Glasser: Well, exactly. We’re got to check our phones and maybe update later. But thank you. This is just an incredible conversation. I think it really puts us both in the here and now in what’s happening in Trump’s Washington and it also helps to understand a lot of the really complicated and not by any means, simple debates of the Obama years when it came to human rights. I’m delighted to have had Tom Malinowski as my guest this week on the Global POLITICO. Thank you, Tom.
Malinowski: Thank you, Susan.
Glasser: And of course, thank you to all of our listeners. You can listen to us on iTunes or whatever your favorite podcast platform is. You can subscribe, I hope, and you can always send me emails, feedback, whatever, at SGlasser@POLITICO.com. Thanks again.
Malinowski: So I look back on being a diplomat and I think about all of the amazing, interesting conversations with leaders around the world and officials and how fascinating the issues were. Sometimes, I have to remind myself of the silly moments and how sometimes the dominant feeling you have is just being exhausted and you’re going from meeting to meeting to meeting in a foreign country or perhaps doing what we used to call “diplomatic speed dating” at the U.N., where you have 10 meetings a day with different countries for seven or eight days straight.
Glasser: This is every September when the U.N. General Assembly meets.
Malinowski: That’s right and I’m embarrassed to say that I probably had a lot of meetings with government ministers from other countries where I just didn’t even know the name of the person I was meeting with and it was on my briefing paper, but you forget. And a funny version of this happened at the U.N. when I was scheduled to meet—it was on my schedule with the president of Burkina Faso, President Kabore, the former leader of that country, and he’d been in power for decades and was trying to extend his stay by another term, contrary to his constitution and back in that time, we had a policy of encouraging leaders all over the world to respect their constitutions; to leave when their term limits were up.
And so I show up at his suite outside his door and I see this gentleman walking down the hall towards us and he sees me and he greets me and says, “Oh, are you here to see me?” And I said, “Yes.” And I looked at him and I had once briefly met President Kabore of Burkina Faso and this did not look like President Kabore of Burkina Faso, but I wasn’t sure and so he led me into the suite and we sat down and we started this bilateral meeting. And I’m still not sure who this man is and it is important to know because usually, you’re talking about policy. “Your government should pull its troops out of here or your government should release that political prisoner.”

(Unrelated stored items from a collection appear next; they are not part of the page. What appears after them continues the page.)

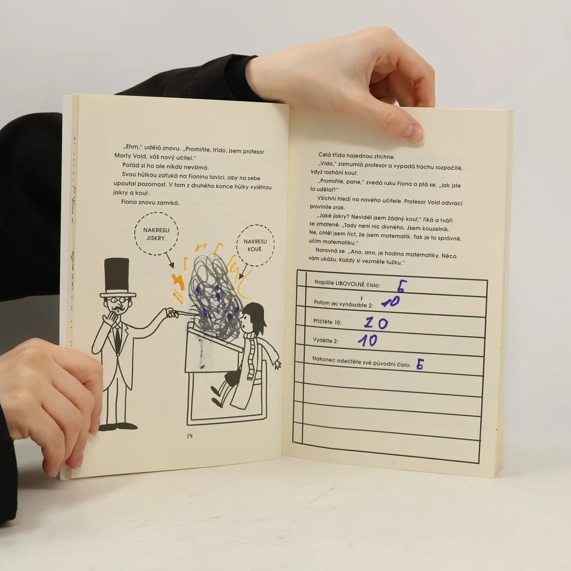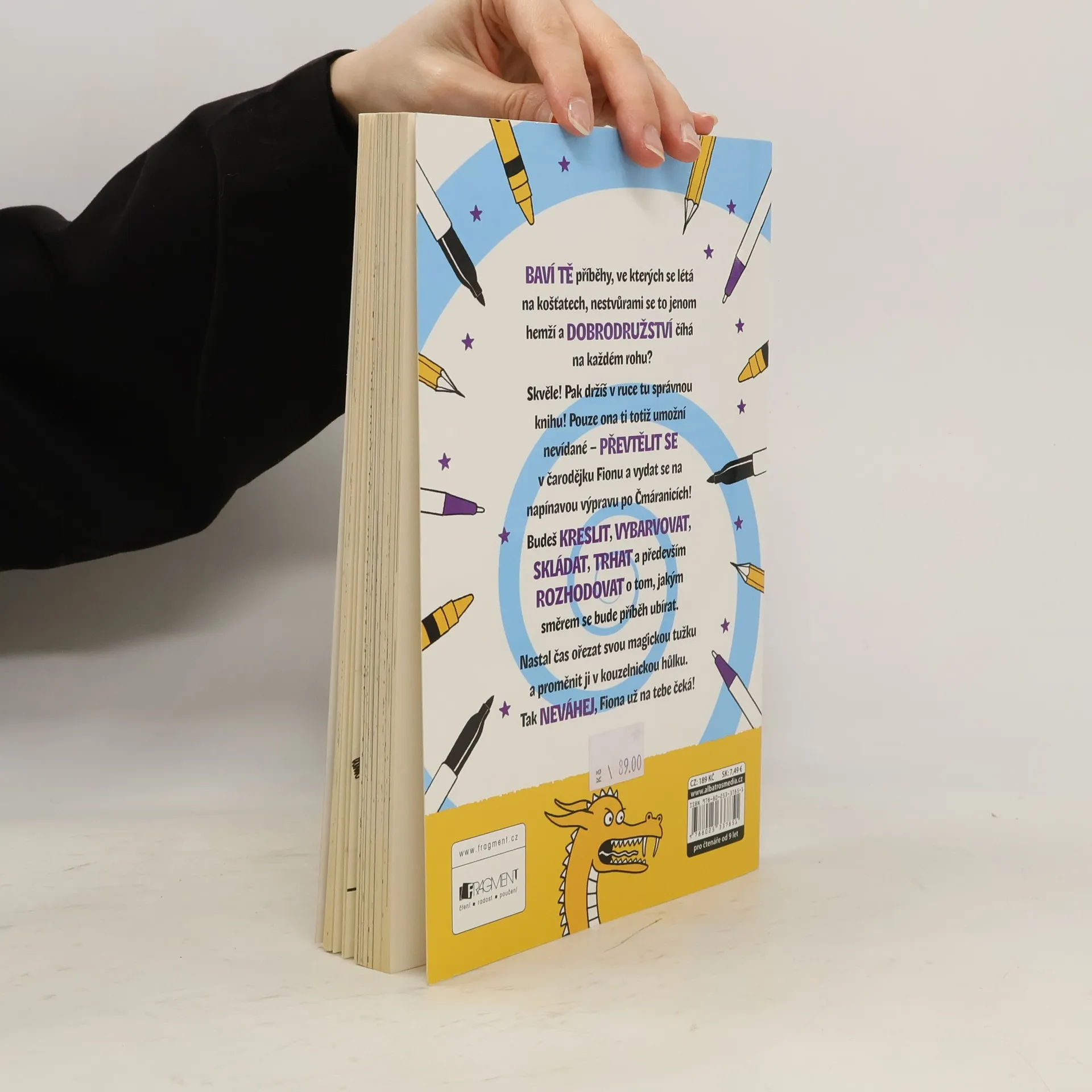 " Gamebook a zábavné aktivity v jednom! Proměň svoji tužku v kouzelnickou hůlku a dej se do toho! "Baví tě příběhy, ve kterých se létá na košťatech, nestvůrami se to jen hemží a dobrodružství číhá na každém rohu? Skvěle! Pak držíš v ruce tu správnou knihu! Pouze ona ti totiž umožní převtělit se v čarodějku Fionu a vydat se na napínavou výpravu po Čmáranicích! Budeš kreslit, vybarvovat, skládat, trhat a především rozhodovat o tom, jakým směrem se bude příběh ubírat. Ořež svou magickou tužku a proměň ji v kouzelnickou hůlku. Fiona už na tebe čeká!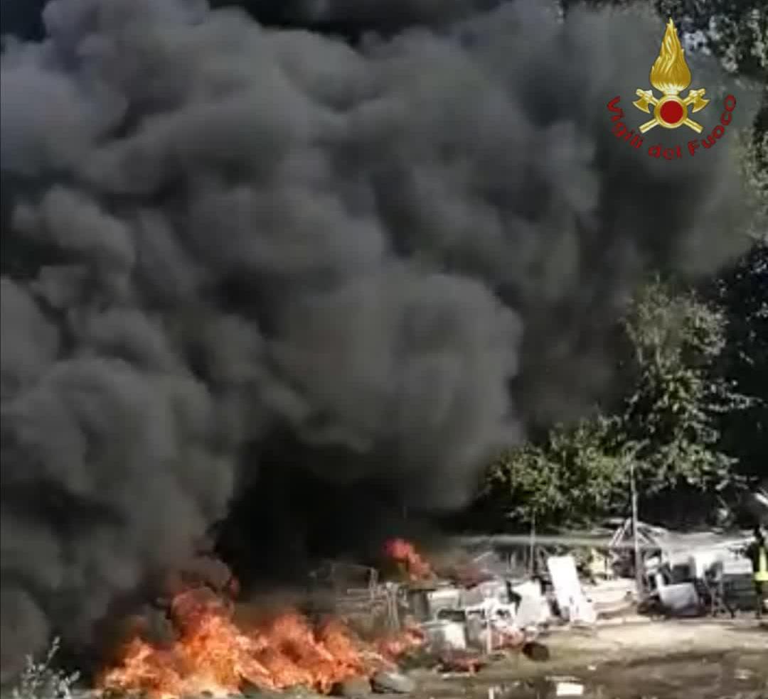 Continua l’intervento dei Vigili del Fuoco: l’incendio è quasi completamente estinto. Successivamente si lavorerà alla bonifica e messa in sicurezza di tutta l’area coinvolta.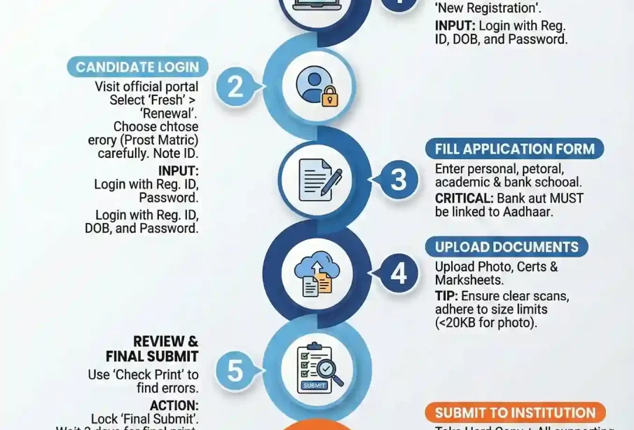 ऐसा कोई केंद्रीकृत विवरण जो केवल इसी स्रोत पर निर्भर हो, उपलब्ध नहीं है; इसलिए आवेदकें आधिकारिक पोर्टल और संस्थागत निर्देशों को प्राथमिकता दें। सामान्यतः छात्रवृत्ति प्रक्रिया में निम्नलिखित चरण होते हैं:

But here, I’m talking about you, Mr. President, should leave office and so the personal pronoun becomes very important and I’m struggling for about five minutes and then I notice to my relief, that he’s wearing a small U.N. nametag and I strained my eyes to look at it without appearing to strain my eyes to look at it and I noticed that it’s the foreign minister of Burkina Faso and not the president. And I managed to adjust quickly enough to say that he should leave office rather than you, sir.
Glasser: Did the president even show up?
Malinowski: No, he never did.
Glasser: And did he leave office?
Malinowski: He was made to leave office by his people. Had he listened to us, he would be in a much better shape right now.
Glasser: Right, he was in a spate of coups, as I remember what happened a few years ago.
Malinowski: And I thought to myself, “You know, we are sometimes arrogant as Americans. I wonder if any visiting diplomat ever comes to Washington and sits down with then our secretary of state and he’s wondering to himself, “Is this Kerry? Or is this Obama? Is this Obama? Who is this?”